Карданов, согнувшись в три погибели, тоже начал слезать с печки. Им с дедом предстояло отнести в лес выстиранные Ольгой холстины для перевязки раненых. Заодно они хотели приладить к дверям петли, которые открутили от дверей ненужного теперь без козы сарая.
— Ромка! — в сердцах позвал внука Александр Федорович. — Иди мерь лапоть. Последний раз, будешь носить, какой получится…
В хату ворвался Вадим. Глаза у него больше самой большой миски…
— Пап, слышите вы тут что-нибудь? Летает… — Вадим повел ухом и скосил глаза на дверь.
— Кто летает? Слепень? — Карданов уже слез с печки и поправлял на чреслах перевернутые брюки.
— Аэроплан какой-то летит… Над самым лесом что-то вынюхивает.
— А тут и дураку ясно, что он вынюхивает, — дед, натягивал Ромке на ногу явно тесный лапоть. — Фрицы партизан шукают…

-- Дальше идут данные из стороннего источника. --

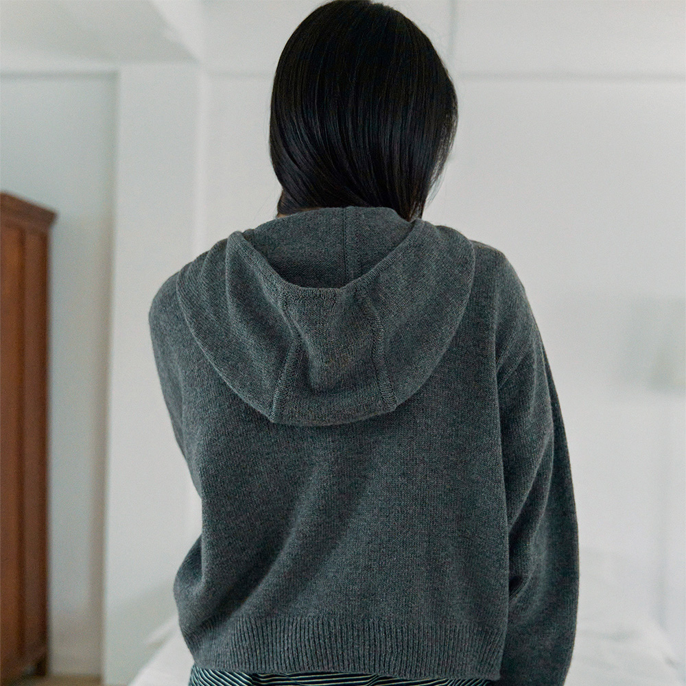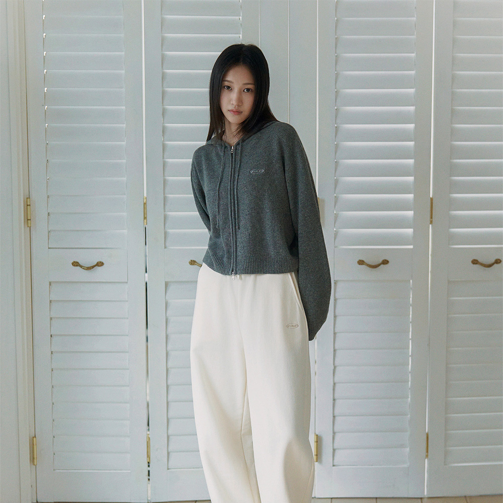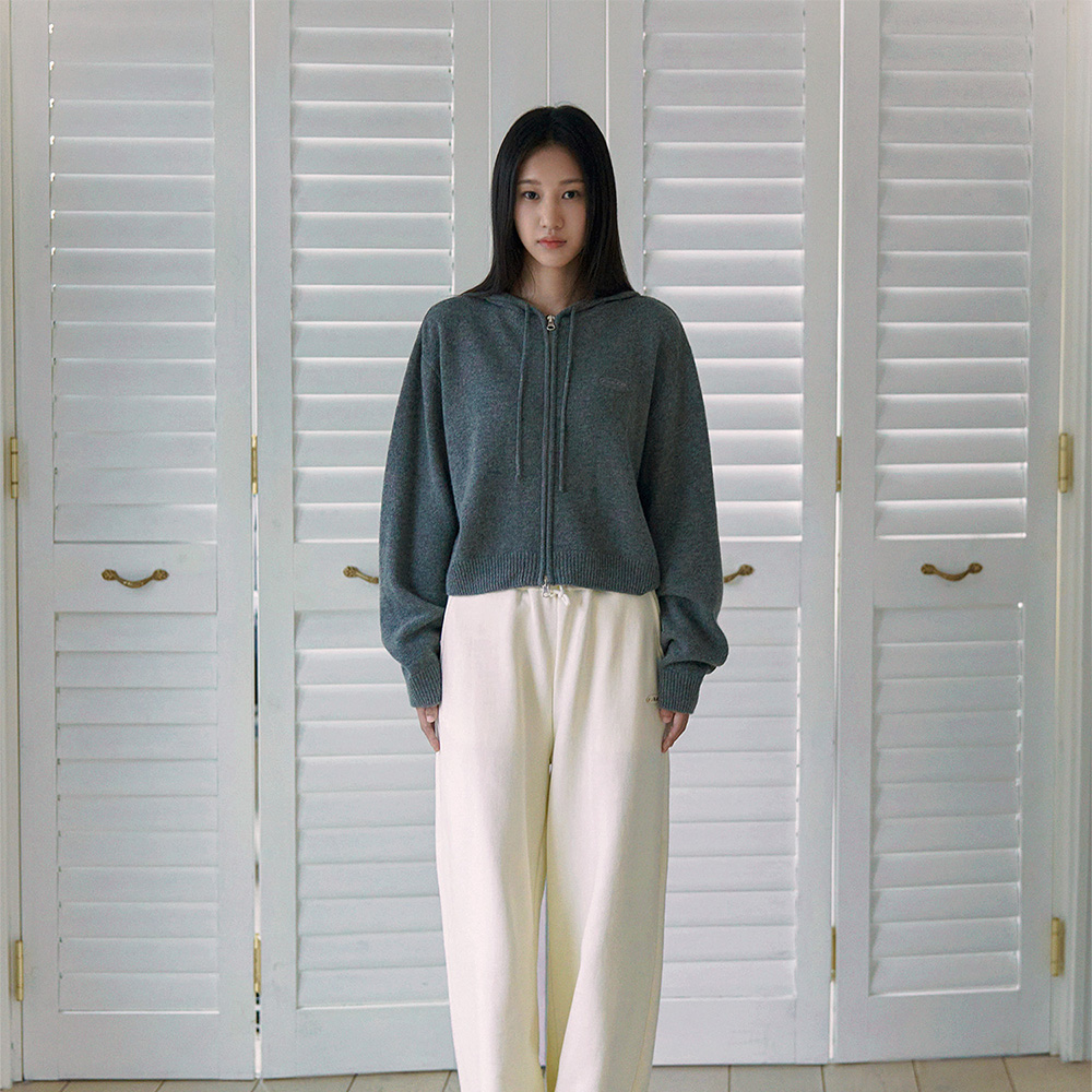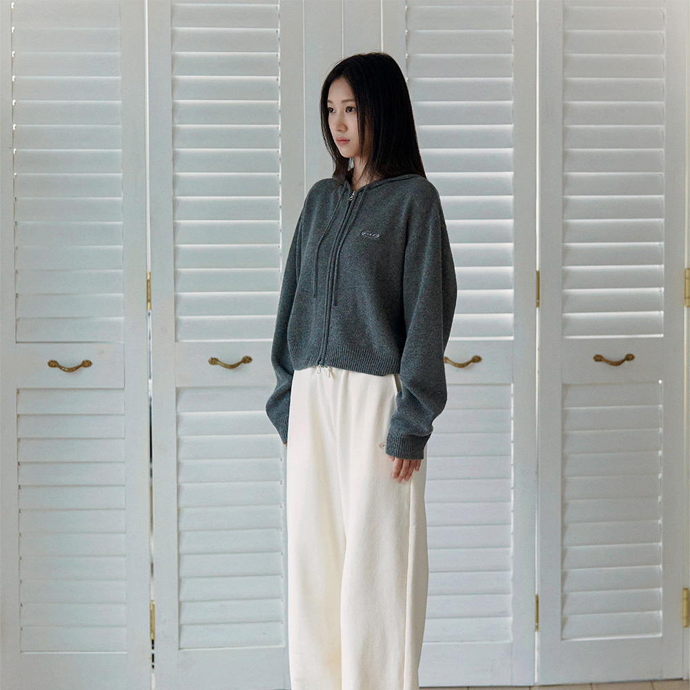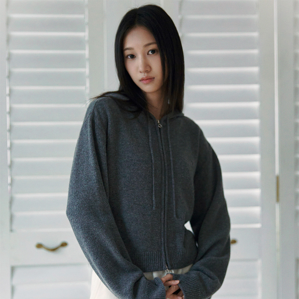 에프에이디 니트 크롭 후드 집업 차콜
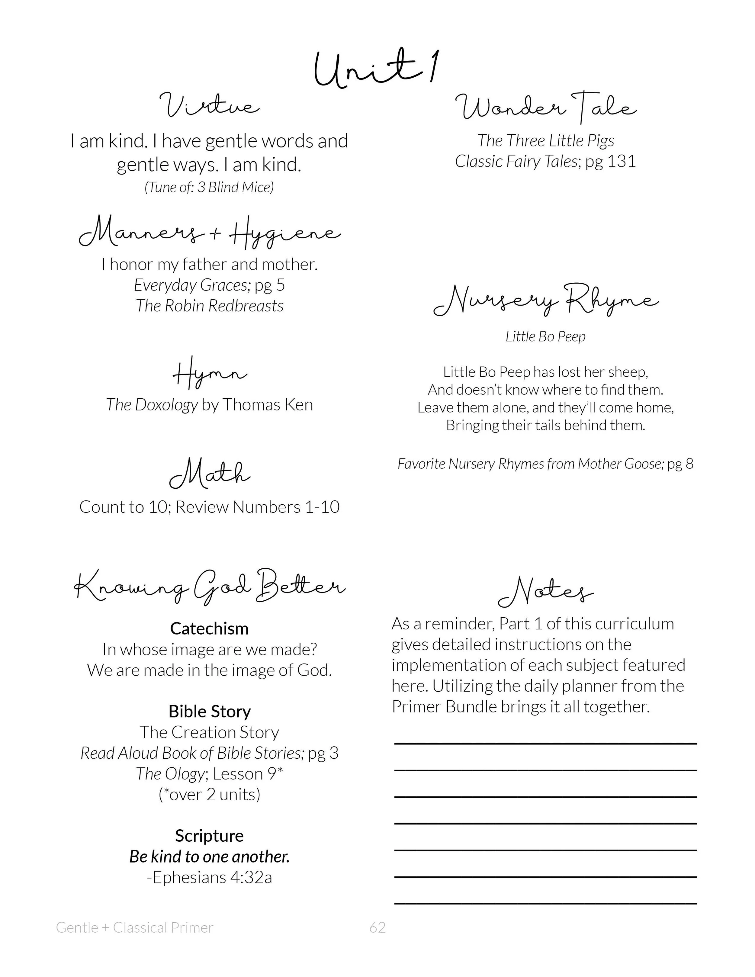 This program is completely sufficient (and then some) for a typical 5-7-year-old child. For your kindergarten and first-grade child, you should add an additional program like All About Reading for a systematic introduction in phonics and a math program like Kindergarten Math with Confidence. Primer was designed to work in a very complimentary way with Gentle + Classical Nature as the science and nature exploration portion of the program. While they can be used completely separately, they work very well together and create a rich experience! Additionally, I have created a Bundle of printable materials to make implementation all the easier for you.
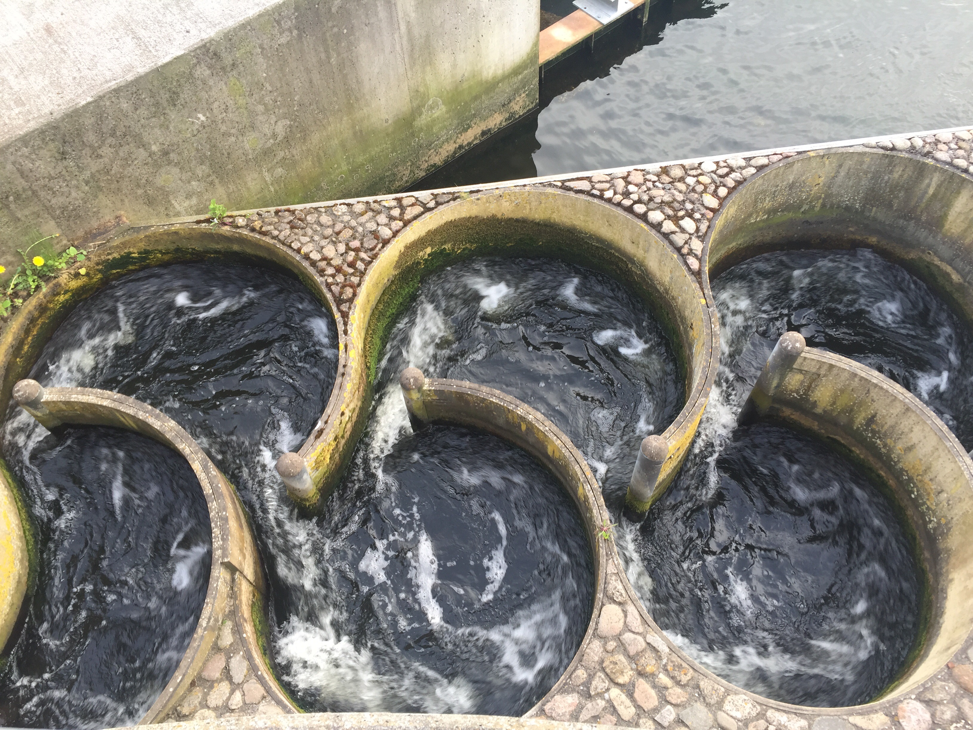 Går förbi en laxtrappa men ser ingen fisk.
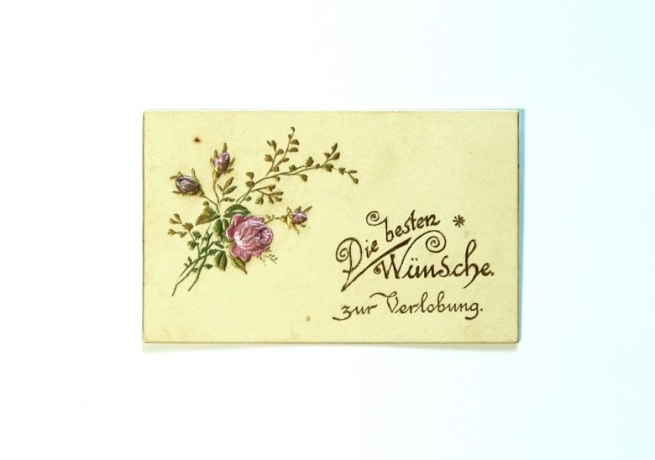 Glückwunschkarte zur Verlobung von Mina Bergmeier und Georg Volkart 1894
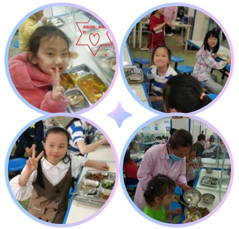 午餐時間到了,同學們在老師的帶領下排著隊來到餐廳。餐廳里有色香味美的美食等著我們???,我們以光盤的行動來證明我們喜歡這里的美食,并且從小養成了愛糧食,節約糧食的好習慣!
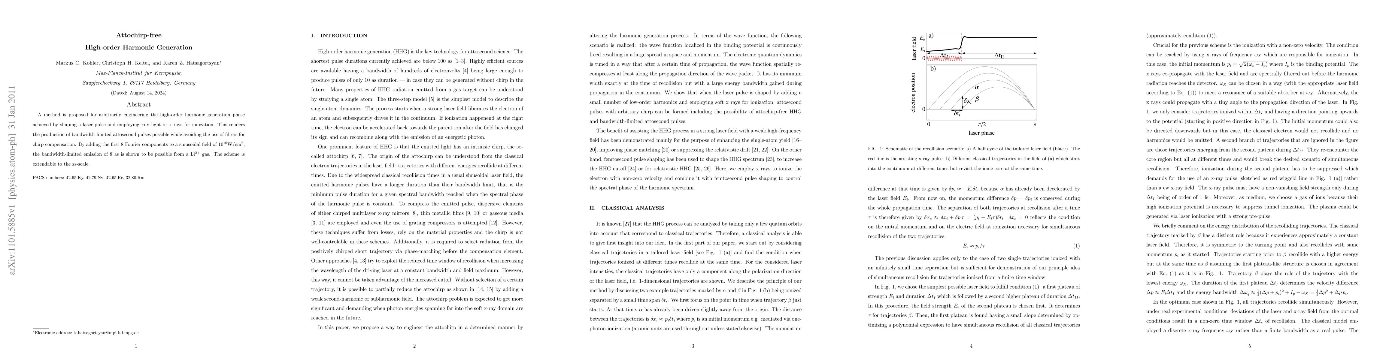 A method is proposed for arbitrarily engineering the high-order harmonic generation phase achieved by shaping a laser pulse and employing xuv light or x rays for ionization. This renders the production of bandwidth-limited attosecond pulses possible while avoiding the use of filters for chirp compensation. By adding the first 8 Fourier components to a sinusoidal field of $10^{16}$W/cm$^2$, the bandwidth-limited emission of 8 as is shown to be possible from a Li$^{2+}$ gas. The scheme is extendable to the zs-scale.

Все, кроме Керена, выбежали во двор. Вдали, над притихшим лесом, делая широкий разворот, двигался необычный самолет. Какой-то несуразный — длинный, неопределенной формы, прижавшийся крыльями почти к самым верхушкам деревьев. И впрямь, как будто чего-то вынюхивал. Карданов с одного взгляда определил: «Разведчик, укуси его муха!»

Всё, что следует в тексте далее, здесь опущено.